Capital gains tax and VAT are two key areas Birmingham’s finance community will be watching intently for in the Emergency Budget.

Chancellor George Osborne will reveal the Government’s drastic proposals to slash spending and increase taxes in order to reduce the UK’s financial deficit on June 22.

Eric Williams, Grant Thornton UK head of private client and Birmingham head of tax, said there was growing speculation that a VAT rise would feature in the Budget.

“Whilst this increase was not mentioned in the Conservative election manifesto, the Liberal Democrats included a pledge to address the differing VAT treatment of new build properties with that of property repairs,” he said.

“The UK standard rate of 17.5 per cent is relatively low when compared to other EU countries and having now had an opportunity to review the country’s books, the Chancellor may face an irresistible temptation to increase it to 20 per cent – a figure predicted by many leading economists.

“The dilemma for the Chancellor though, is when to make the increase.”

A survey by KPMG revealed that if taxes had to rise to help plug gaps in the nation’s finances, most businesses would prefer an increase in VAT to any other tax rise.

But according to KPMG, this may miss the point on the potential impact of a VAT rise on the economy.

Simon Jonsson, head of tax at KPMG in the Midlands, said: “Despite the coalition’s silence on a possible VAT rise to date, it is surely a tempting target given its revenue raising potential.

“A rise from our current 17.5 percent to the European average of 20 per cent would, on current spending patterns, yield around £1 billion a month from the moment it is introduced.

“The big unknown, however, is the potential risk that such a move could stifle consumer spending and thus hamper the recovery, as it could cost the average household £425 a year.”

Meanwhile it looks certain that the capital gains tax (CGT) rate on the disposal of non-business assets will be increased in line with income tax rates, which could mean an effective tax rate on capital gains of up to 50 per cent.

In order to continue to encourage entrepreneurial activity, PwC is anticipating a lower CGT rate to apply to business assets which should include certain shareholding in private companies.

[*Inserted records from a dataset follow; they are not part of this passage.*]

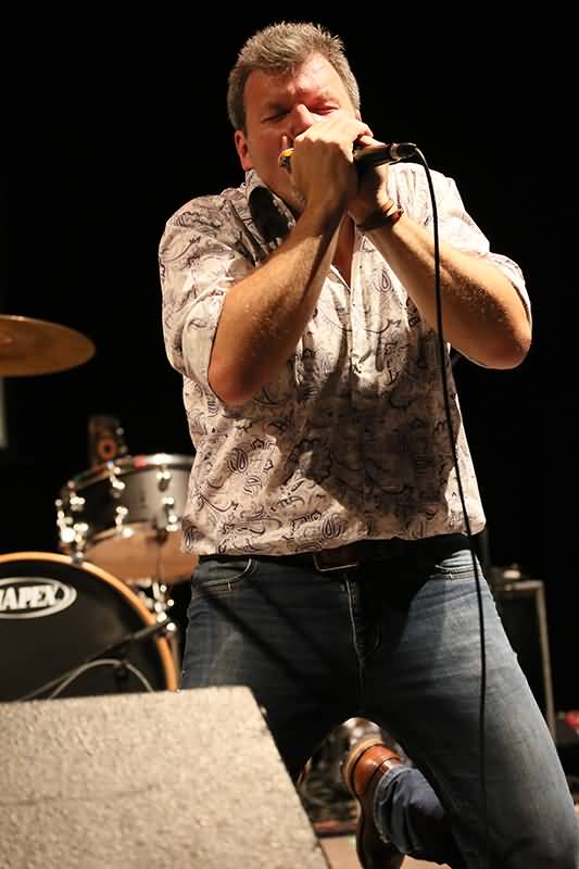 Wilfried Claesen sorgte stets für den passenden Beat/Groove und Luc Boonen entpuppte sich als ein Meister der herrlichen Harp-Fills. Er setzte sein Highlight, als er in der Nähe des Bühnenrands ein beseeltes Solo im Knien spielte. Perfekt! Beifall!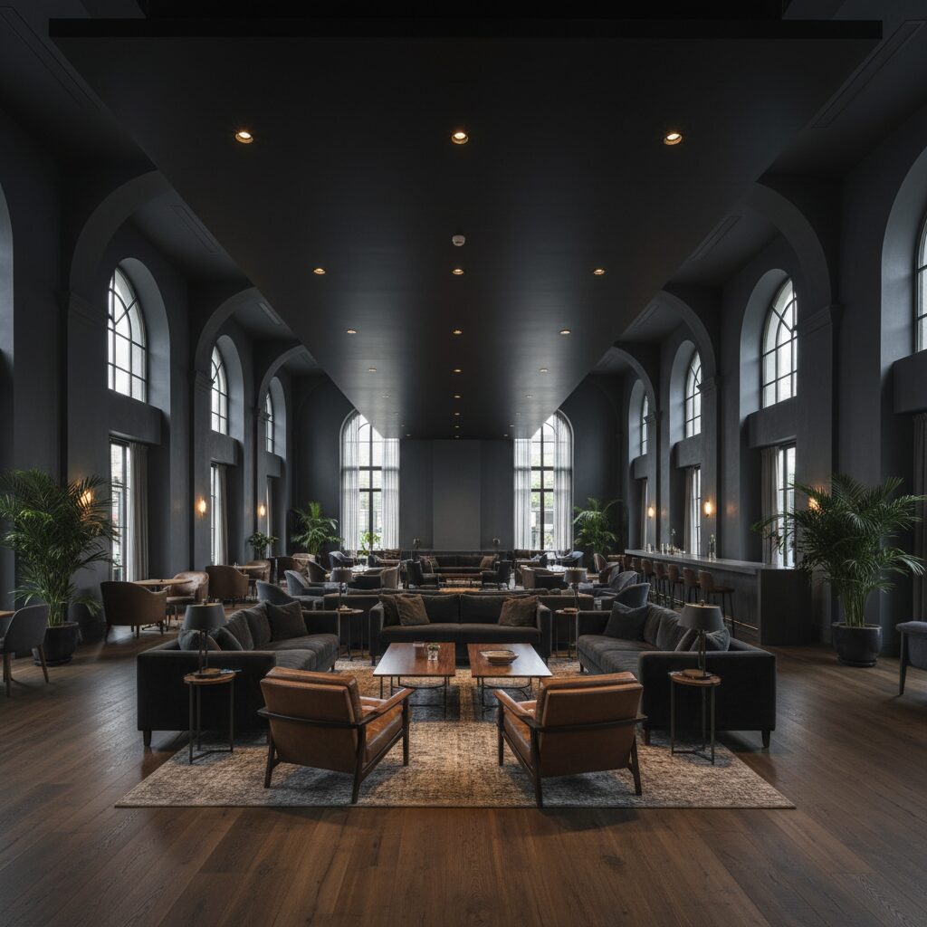 In a dimly lit room, a matte black ceiling can seem to recede and disappear, creating the illusion of an infinite, endless space above. This ‘infinity ceiling’ trick is incredibly effective at making a room feel taller and boundless. It works by removing the visual endpoint that a white ceiling provides, drawing the eye upwards into the void. It’s a powerful, atmospheric choice for lounges, bars, and entertainment spaces.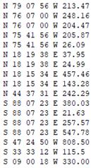 My FIRST line is: N 79 07 56 W 213.47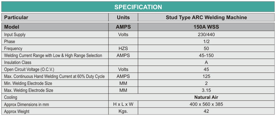 STUD TYPE ARC WELDING MACHINE 150A WSS

The CGT rate on such assets could be set between 10 and 20 per cent, it believes.

Barry Smith, head of tax at PricewaterhouseCoopers, Midlands, said: “A lower rate for CGT on business assets would be welcomed by Midlands entrepreneurs.

“Again, the tax rate applied to such assets may vary so that assets held for the longer term enjoy the lowest tax rates. This would of course take us back to a similar position to taper relief.”